CXXC5 stabilizes DNA methylation patterns in mouse embryonic stem cells [RNA-seq]

Mammalian genomes encode a family of 12 proteins that contain a CXXC zinc finger domain. These domains are known to bind to unmethylated DNA sequences rich in CpG dinucleotides. Most members of this family are large multi-domain proteins that function in the control of DNA methylation and histone methylation patterns.
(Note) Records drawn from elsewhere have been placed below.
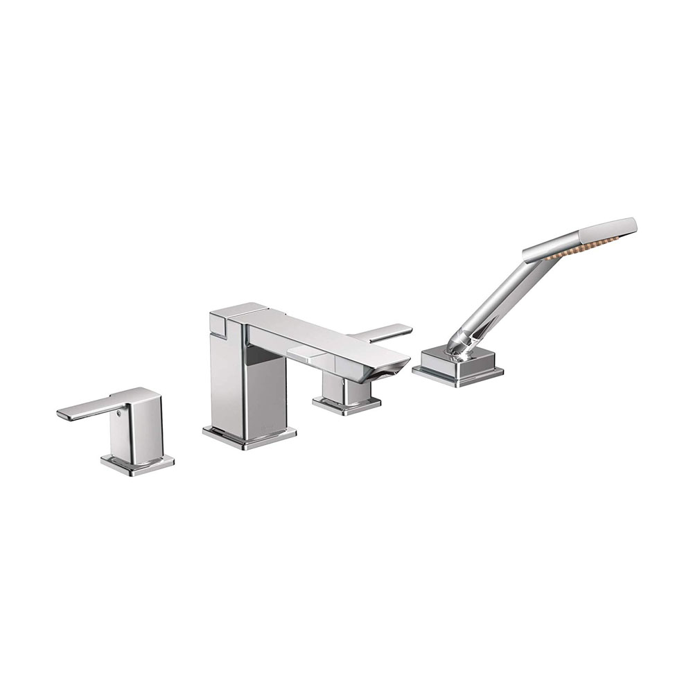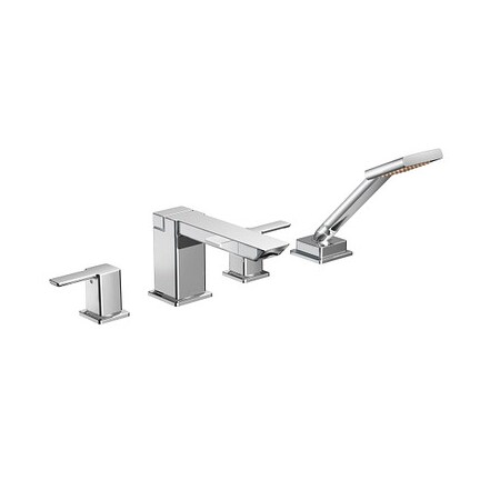 With its ultra-contemporary styling, 90? brings a clean. Minimalist aesthetic to the home. This chrome two-handle high arc roman tub faucet includes hand shower was built to last by MOEN. This trim kit requires MOEN valve 9792, 9793, 9796, or 9797 to complete installation.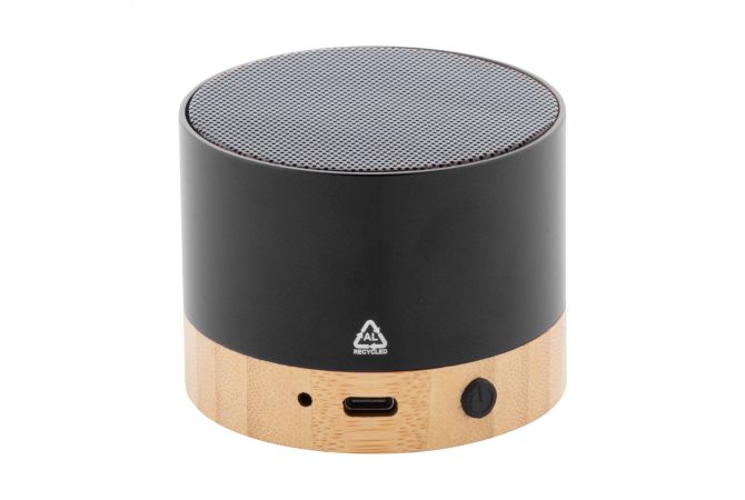 Difuzor bluetooth, din aluminiu reciclat, cu bază din bambus. Cu funcție de apel hands-free și baterie reîncărcabilă încorporată. Inclusiv cablu de încărcare USB.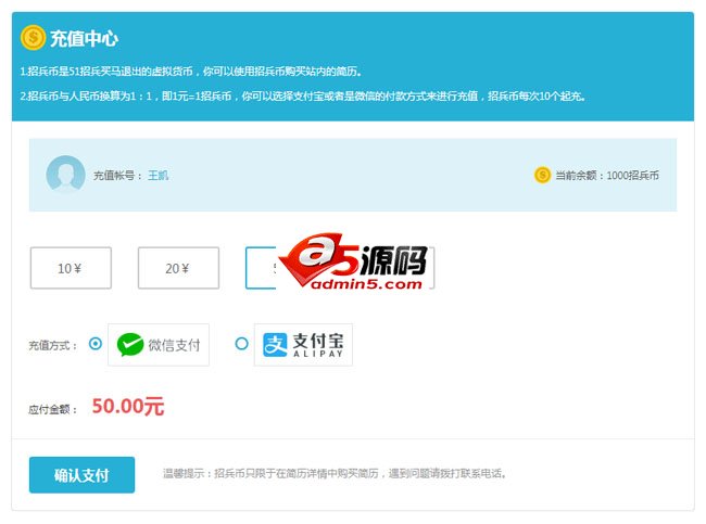基于amazeui用户充值页面特效是一款可以选择支付宝或者是微信的付款方式来进行充值。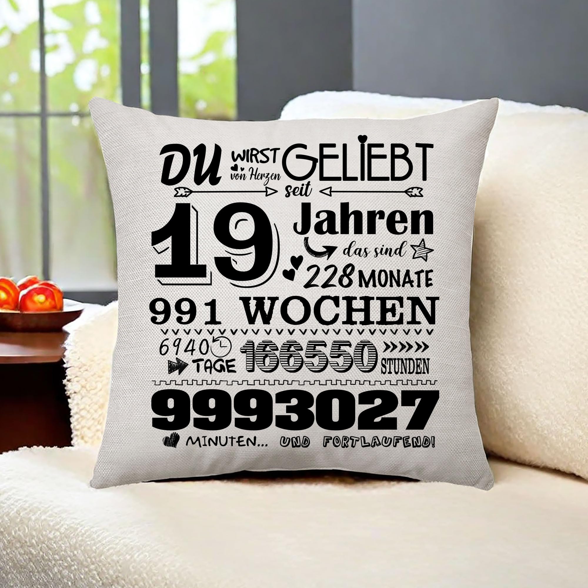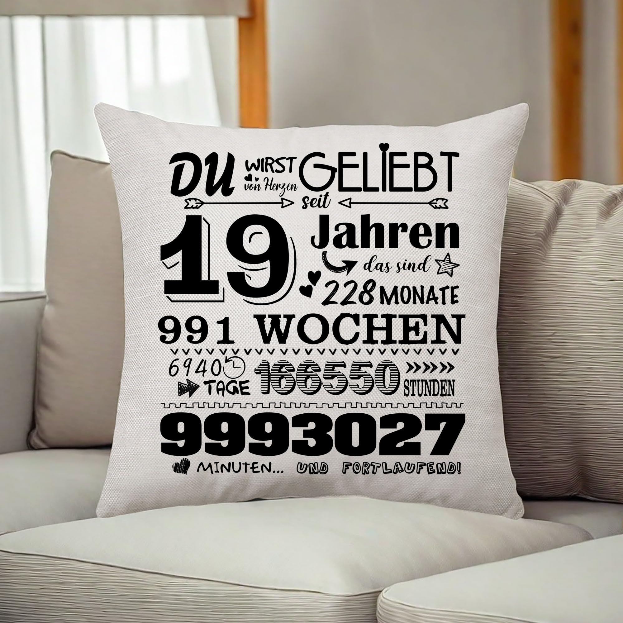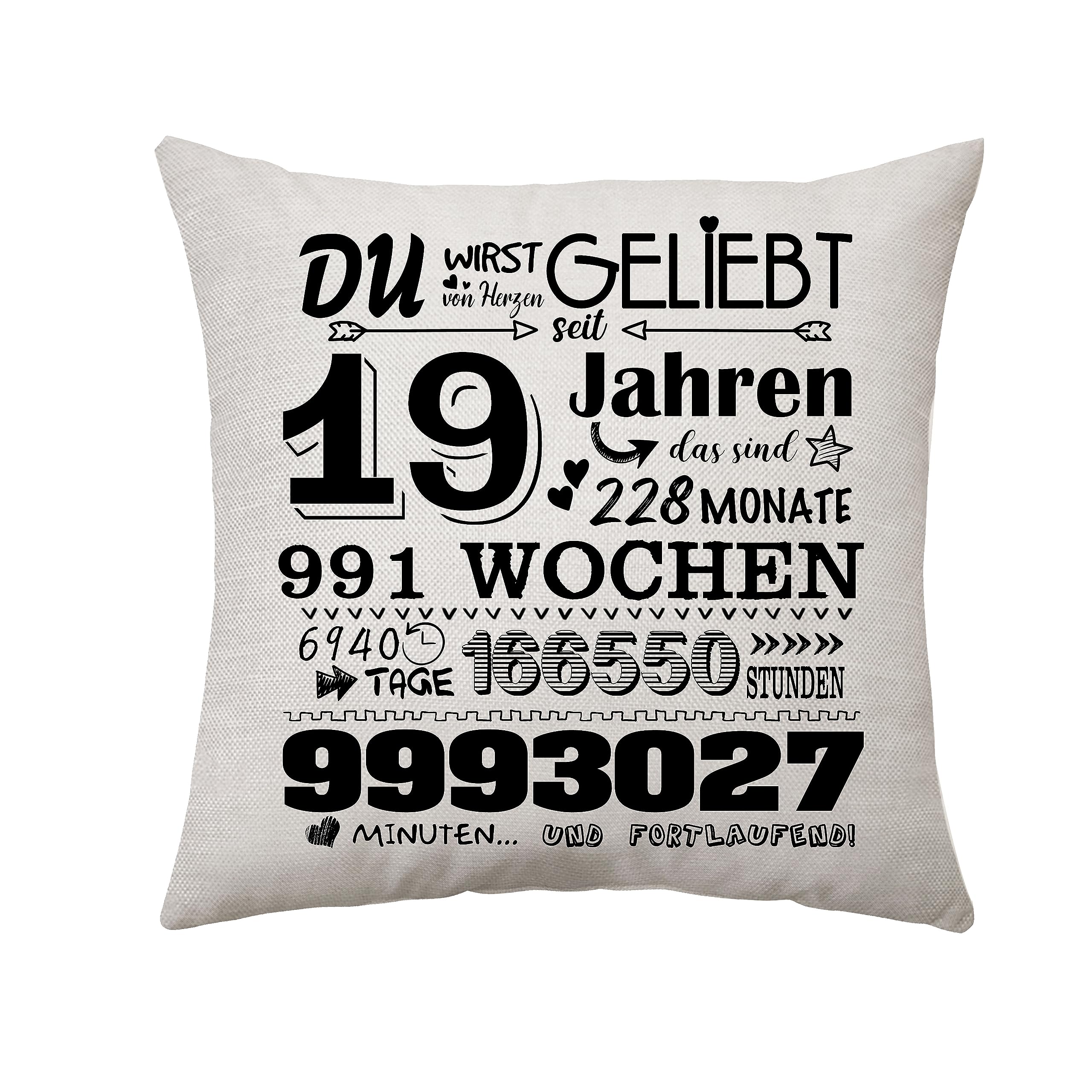 Aconesong 19. Geburtstagsgeschenk für Frauen Männer Zierkissenbezüge Geschenk für Sie 19 Jahren Geschenke für Tochter Schwester Geschenkidee 19. Geburtstag Deko Kissenbezug 45 x 45 cm (19th)

CXXC5 is a smaller member of the family, along with its closest homologue CXXC4. These two proteins lack known catalytic domains. Here we have characterized CXXC5 in mouse embryonic stem (ES) cells. We show that CXXC5 is a nuclear protein that interacts with 5-methylcytosine oxidases (TET proteins). Removal of CXXC5 from ES cells leads to very few changes in gene expression. CXXC5 extensively colocalizes with TET1 and TET2 at CpG islands. CXXC5 inactivation leads to a substantial reduction of DNA methylation levels that affects all genomic compartments including genic and intergenic regions and CpG island shores. No hypermethylation of CpG islands was observed. We propose a model in which CXXC5 serves as an anchor for TET proteins at CpG islands. In the absence of CXXC5, the 5-methylcytosine oxidases become dislodged from CpG islands and are enabled to induce genome-scale DNA demethylation. Thus, CXXC5 serves as a stabilizer of DNA methylation patterns. Overall design: To gain insight into a role of CXXC5 in mouse embryonic stem cells, we established CXXC5 single or CXXC4 and CXXC5 double knockout mES clones by CRISPR/Cas9 system and observed gene expression profile through RNA-seq.